Past ideas (~2020) Shrine

Koichi Sasada edited this page Feb 19, 2021 · 1 revision

[Shrine] is a toolkit for file attachments in Ruby applications similar to CarrierWave, Paperclip, and Active Storage gems. The most common use case is to manage file uploads and processing in web applications. The Shrine team has also created additional gems to improve support for various aspects of managing and processing files in the application. Two examples of such gems are [Down] and [ImageProcessing] gems. This Summer, we have 2 project ideas for you to work on for [Down] and [ImageProcessing] gems.

1. Add resumable download feature to [Down] gem

We would like to add the capability of doing resumable downloads which will be very handy especially for large file downloads as the user can resume downloading in the event it was interrupted.

Problem

When communicating with a server over a TCP connection, temporary network "hiccups" can happen, where a specific TCP operation fails unexpectedly. For example, if you're downloading a large file over HTTP, some "read" operations can fail temporarily.

When a TCP operation fails, it's probably safe to just retry that TCP operation; I think the acknowledgements in the TCP protocol handles re-sending the same data multiple times. In context of an HTTP interaction, though, it might not always be useful to retry an individual TCP operation, but instead it's generally better to retry the whole request.

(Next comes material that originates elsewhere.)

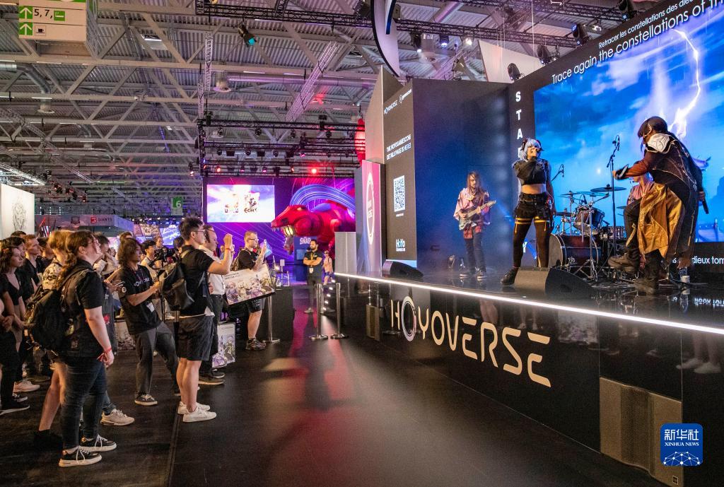 8月23日,在德國科隆游戲展上,人們在米哈游展臺觀看現場樂隊表演游戲歌曲。
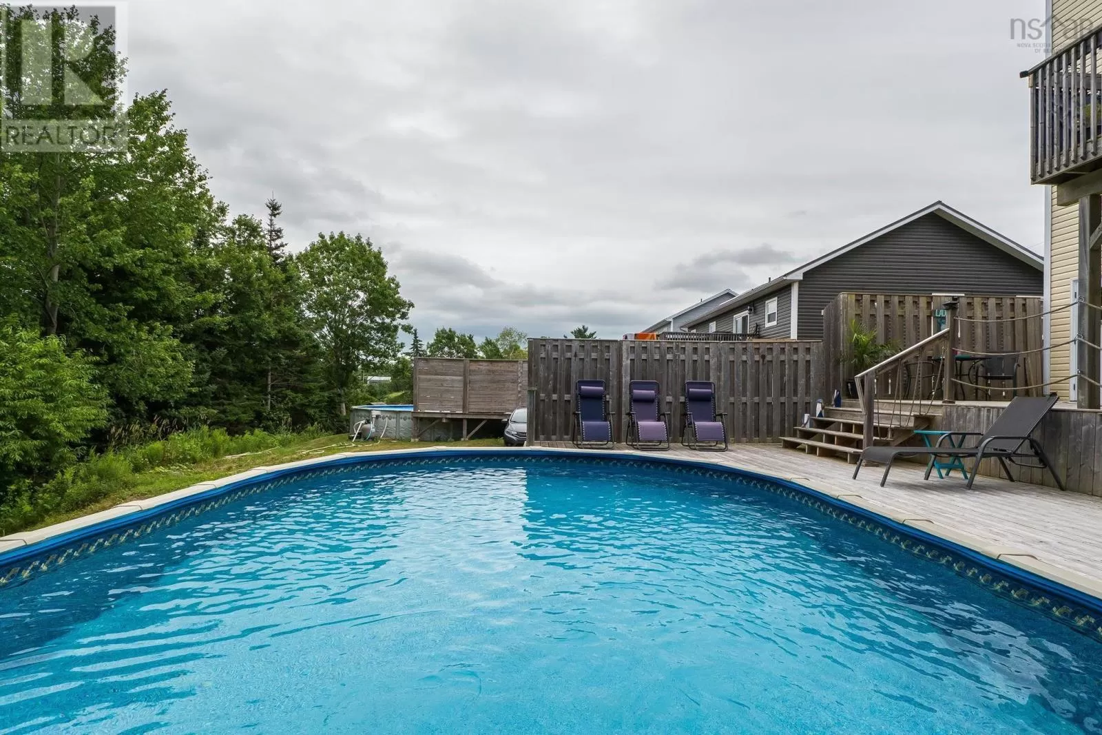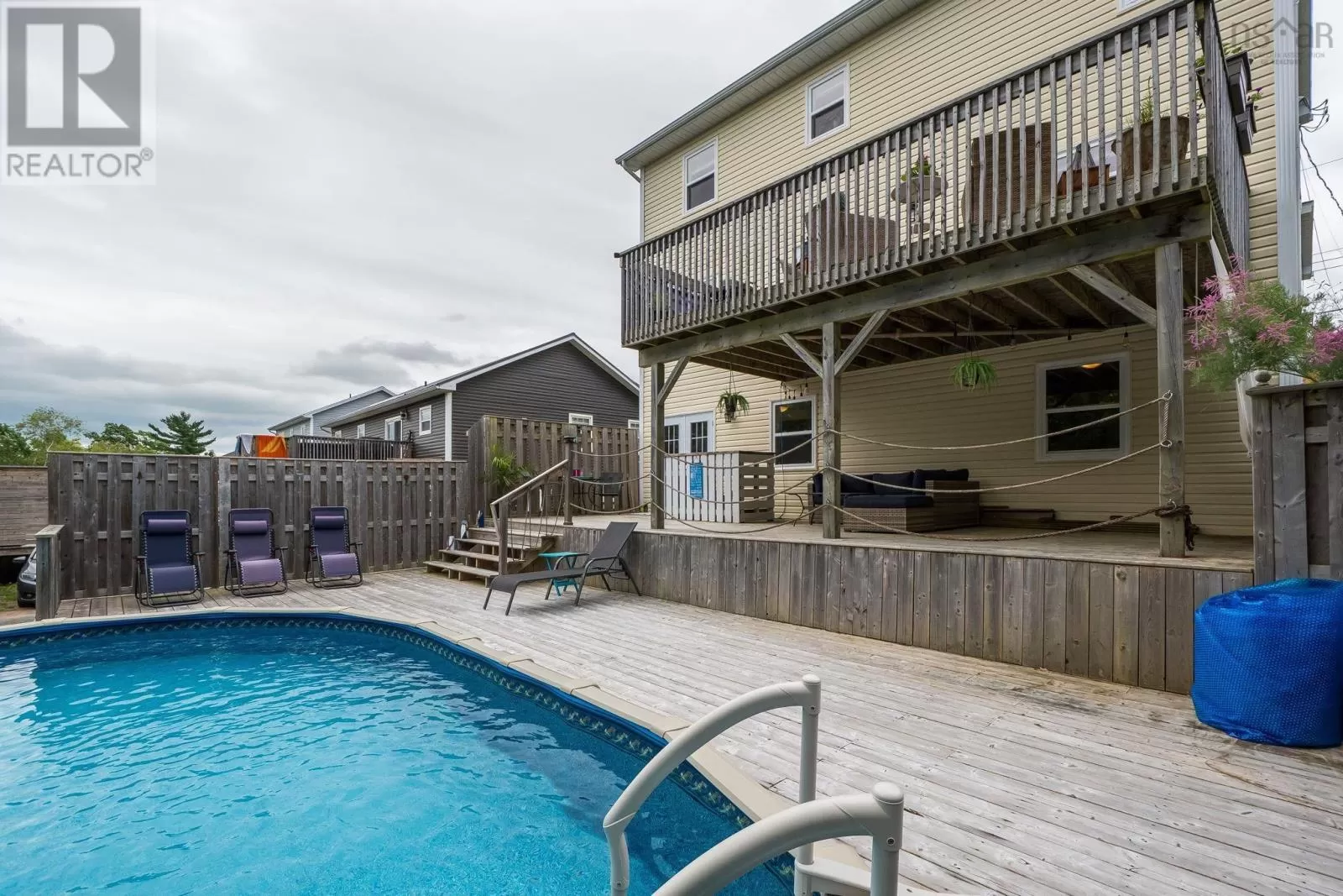 Falmouth Back Rd to Valley View Dr, right on Halewood Dr, sign on civic. Welcome to this beautifully maintained 2-storey home offering comfort, style, and convenience in a highly desirable location. Featuring 4 spacious bedrooms with 2 full and 2 half bathrooms, this property is perfect for families or those who love to entertain. The primary suite is a true retreat, complete with a large ensuite bathroom and a generous walk-in closet. The home's thoughtful layout includes multiple living areas designed for any growing family. Step outside to enjoy a large deck overlooking a professionally installed salt water pool, ideal for summer gatherings and private enjoyment. The home is situated on municipal services, adding to the ease of maintenance, and features a brand-new energy-efficient heat pump for year-round comfort. Located just minutes from the golf course, this home offers the perfect blend of suburban tranquility and recreational access. (id:27476)

However, when downloading large files over HTTP, it's a bit wasteful to retry the whole download from the beginning. This unexpected overhead can cause unwanted delays in a bigger system.

Feature

The HTTP protocol supports [Range requests], which allows an HTTP client to ask only for a portion of the file (if the server supports it). This enables the client to resume an interrupted download, by checking how much content it has already downloaded, and asking the server for only the remainder of the file content.

The idea is to implement a generic component in Ruby which would wrap a regular HTTP download and automatically resume the download on any network failures or server errors. It needs to:

  • retry the download on 5xx HTTP status code
  • retry the download on TCP connection errors
  • allow setting the number of retries, after which the download will be considered permanently failed
  • allow waiting for a certain amount of time before retrying (exponential backoff)
  • delete the downloaded file in case of permanent failure
  • allow hooking the component into both Down backends (Down::NetHttp or Down::Http)

  • Prerequisites: Ruby
  • Programming areas include: Ruby
  • Estimated difficulty level: medium to hard
  • Potential mentors: @hmistry